Holland, like NO, has seen its fair share of flooding. They were hit in 1953 by a combination of hurricane winds and exceptionally high tides. It ended killing 1835 people. While they may not be subject to a cat 5 hurricans (Katrina was a cat 3), they have since that disaster implemented many changes to preclude the disaster from repeating: “Immediately after the devastating storm surge of 1953, a Delta Commission was appointed to advise the government on the necessary works to protect the south-western part of the country. The first step was to construct a moveable storm surge barrier in the Hollandse IJssel, east of Rotterdam. This went into operation in 1958. The next move was the closure of the Veerse Gat and the Zandkreek in 1961. This necessitated the building of great sluices to regulate the discharge of water from the major rivers. Huge dams with sluice gates were likewise completed in 1971 to close off the Haringvliet and in 1972 to protect the Brouwershavensche Gat. The Philips and Oester Dams followed in 1974 and 1987 respectively.

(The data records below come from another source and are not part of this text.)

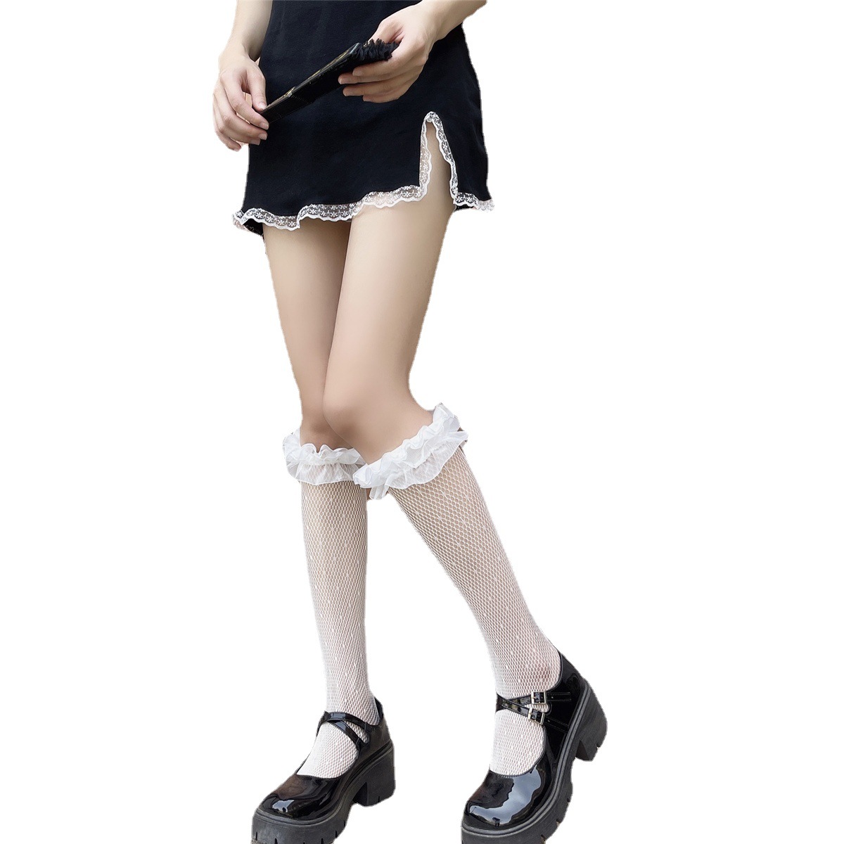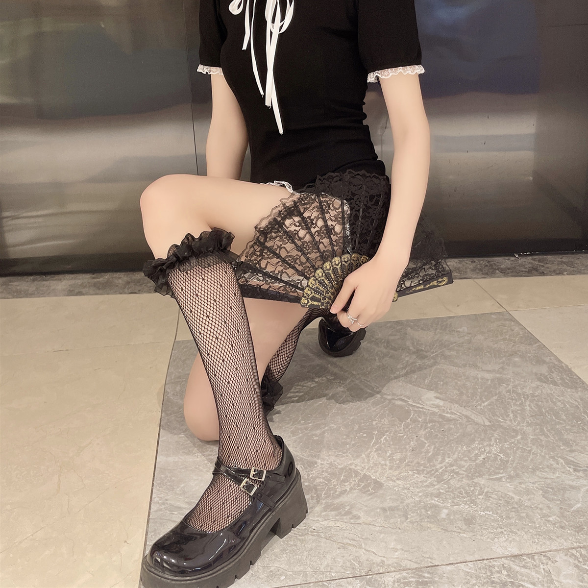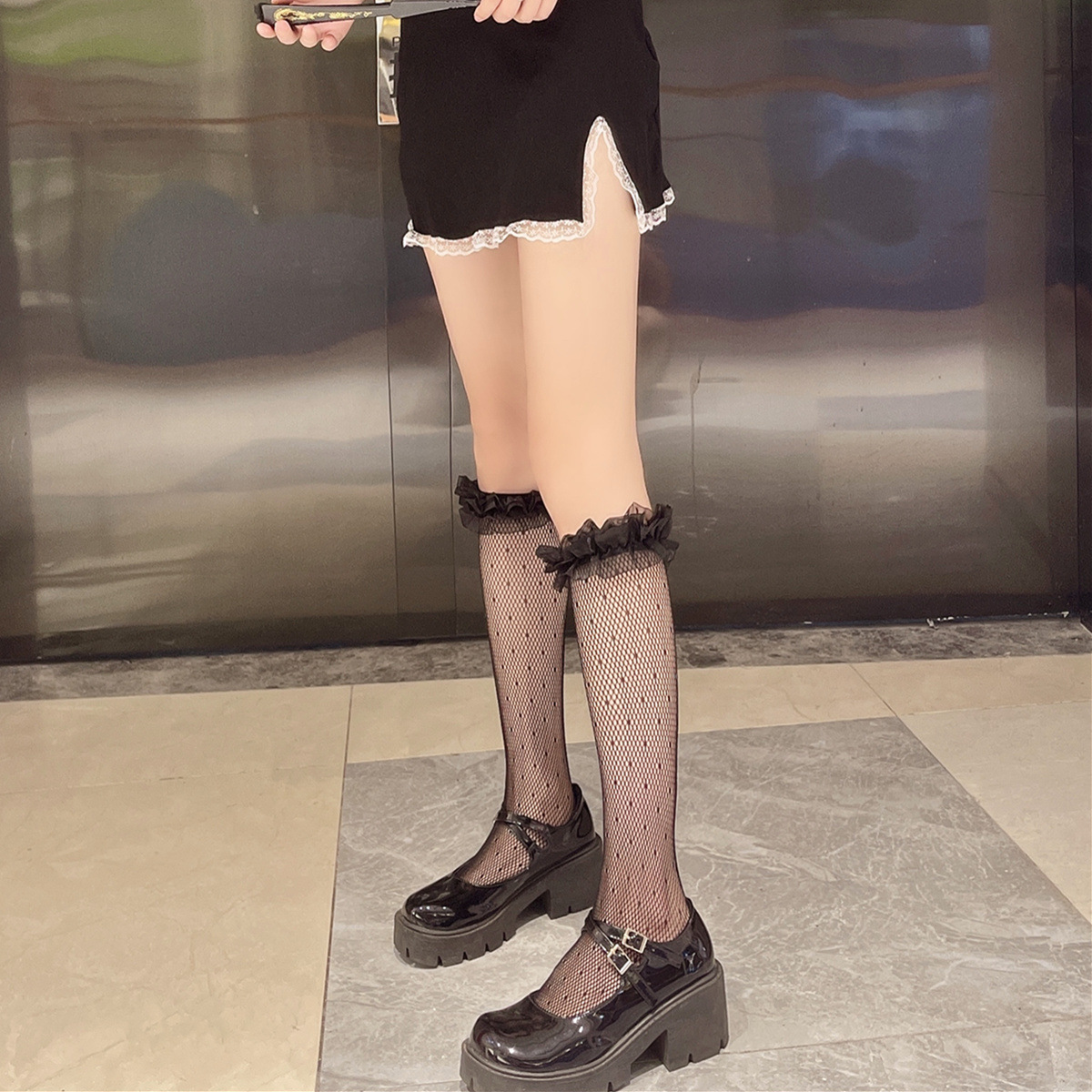 Dark Series Small Dots Jacquard Hollow Fishnet Stockings Mesh Pleated Lace Black Calf Socks Two-wear Socks
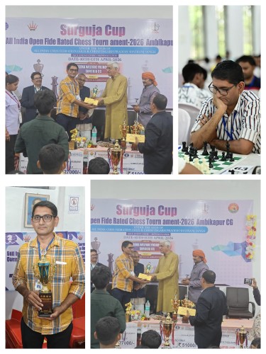 सरगुजा ✍️जितेन्द्र गुप्ता आल इंडिया ओपन फिडे रेटेड चेस टुन्नामेन्ट 2026 अम्बिकापुर छत्तीसगढ़ का शुभारंभ 300 से ज्यादा शतरंज के खिलाडी इस टुन्नामेन्ट मे भाग
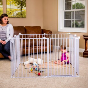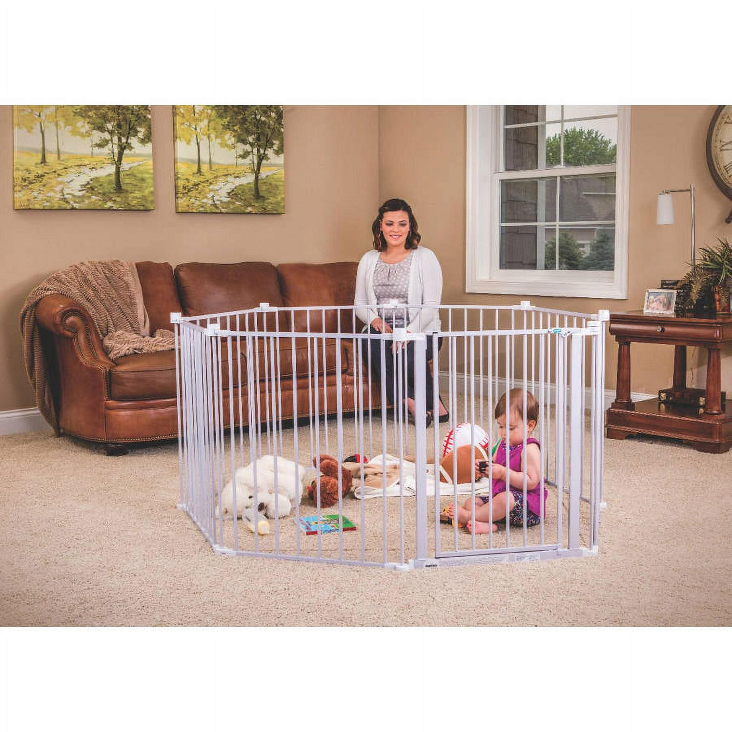 - Features: Super Wide baby gate and play yard, metal
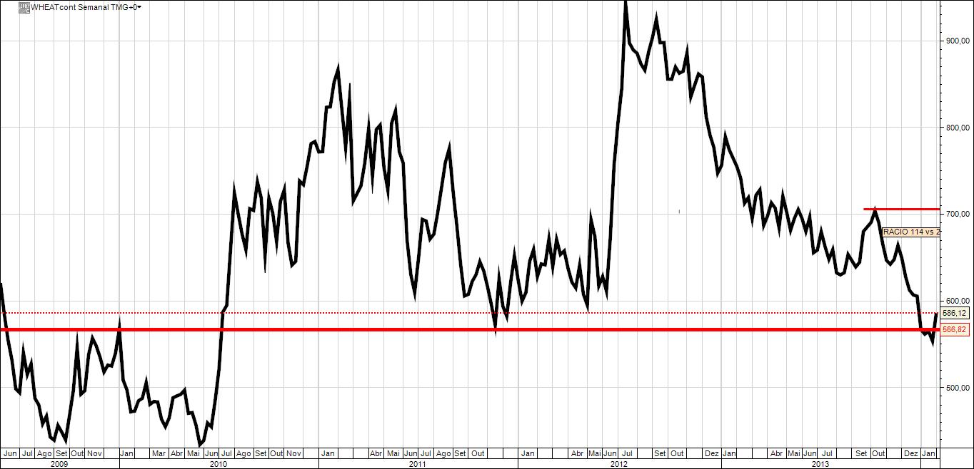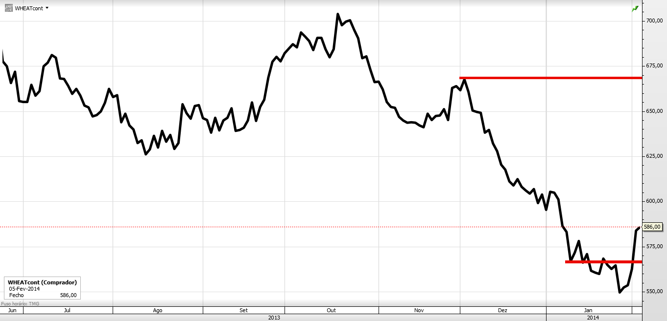 A minha visão de amigo de "agricultores", e que confirma esse gráfico, o trigo tinha vindo a ter preços muito baixos e no verão de 2012 o preço disparou, o que acontece é que no ano seguinte (2013) toda a gente foi produzir e o preço desceu...
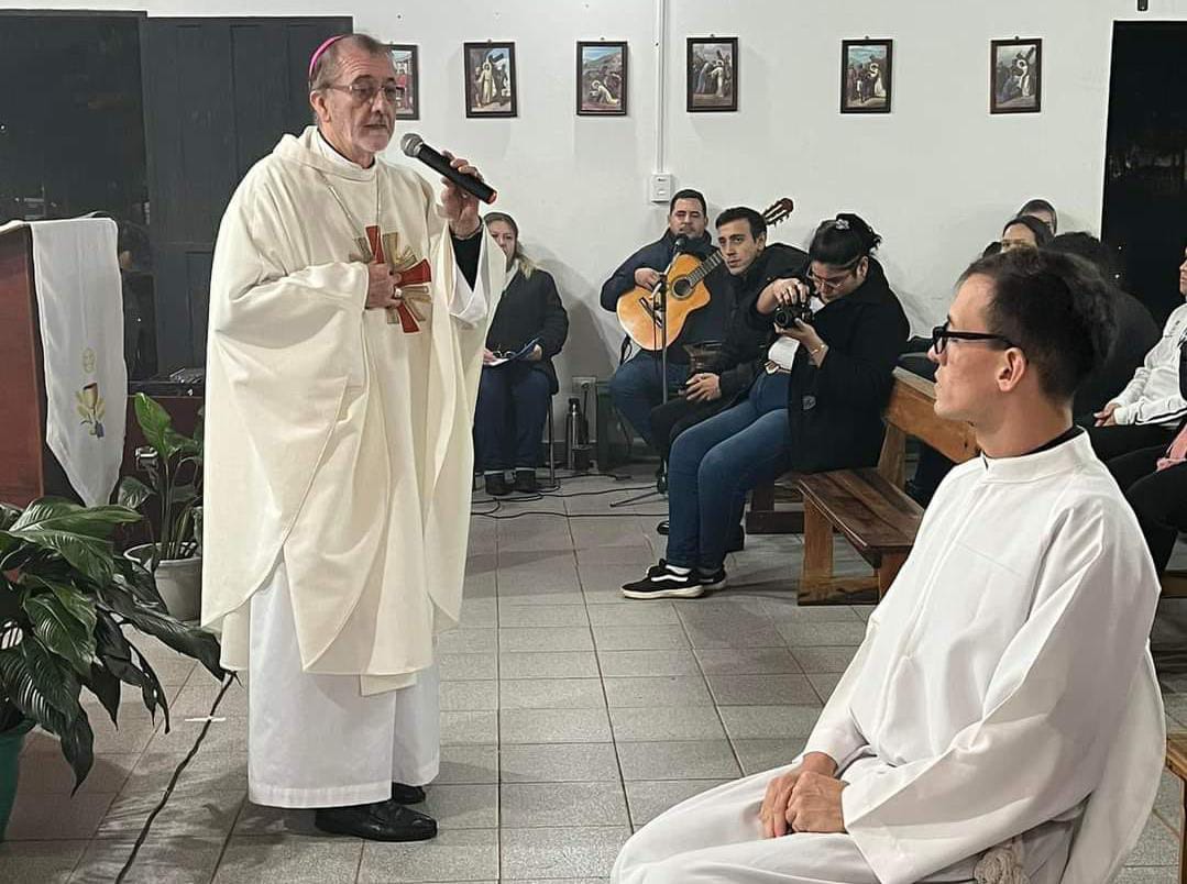 En una emotiva ceremonia llevada a cabo el viernes 5 de julio por la noche, la Capilla San Agustín, perteneciente a la Parroquia Jesús Misericordioso, fue testigo de un momento significativo para la comunidad de la Diócesis de Posadas. Mons. Juan Rubén Martínez, Obispo Diocesano, celebró la Santa Misa de Institución del Ministerio de Acolitado para el seminarista Nicolás Ruíz Díaz.
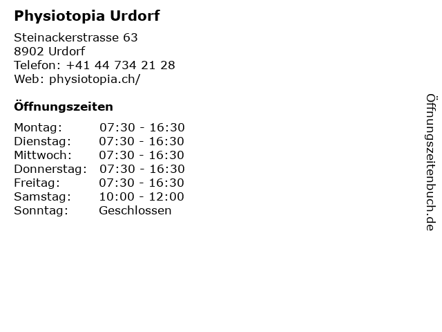 | Öffnungszeiten Physiotopia Urdorf in Urdorf anzeigen | |
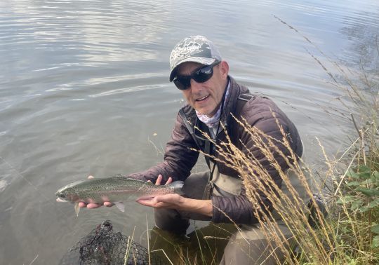 The trout are milling around the lake. With the sun shining so brightly, it's easy to spot them. In this reservoir, as in others, the fish like to be in groups, large and small. The competition for food that they have experienced in their tank makes them aggressive, and if you manage to intercept their movements, or land delicately close to the shoal, it's not uncommon to catch several fish.
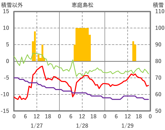 | 日 | 時 | 気温 | 降水 | 風向/風速 | 日照 | 積雪 | 降雪 |
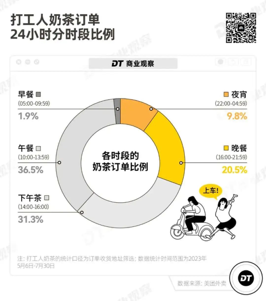 那么,谁是深夜的奶茶消费者?除了过“夜生活”玩家外,还有不少“打工人”用来续命。美团数据显示,夜间时段(22:00-4:59)打工人在写字楼或园区所下的订单占比为9.8%,远远高于占比1.9%的早餐时段。
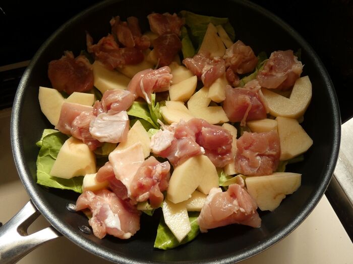 フライパンにキャベツ、じゃが芋、鶏肉の順に入れます。水を入れたら蓋をし、中火で15分くらい火にかけます。

While what they did in Holland may not be entirelly possible in NO, there are many radical new ideas being implemented that could assist NO. The parallels are there, it just takes some thinking that is obviously out of the reach of the army corp of engineers. Look what they have done to this countries rivers with the ridiculous placement of many damms. Politics does not make a good water user.
NO should be moved inland. With global warming, not only will hurricanes become more powerful, but global sea level will rise. Turn NO into marshes to buffer storms.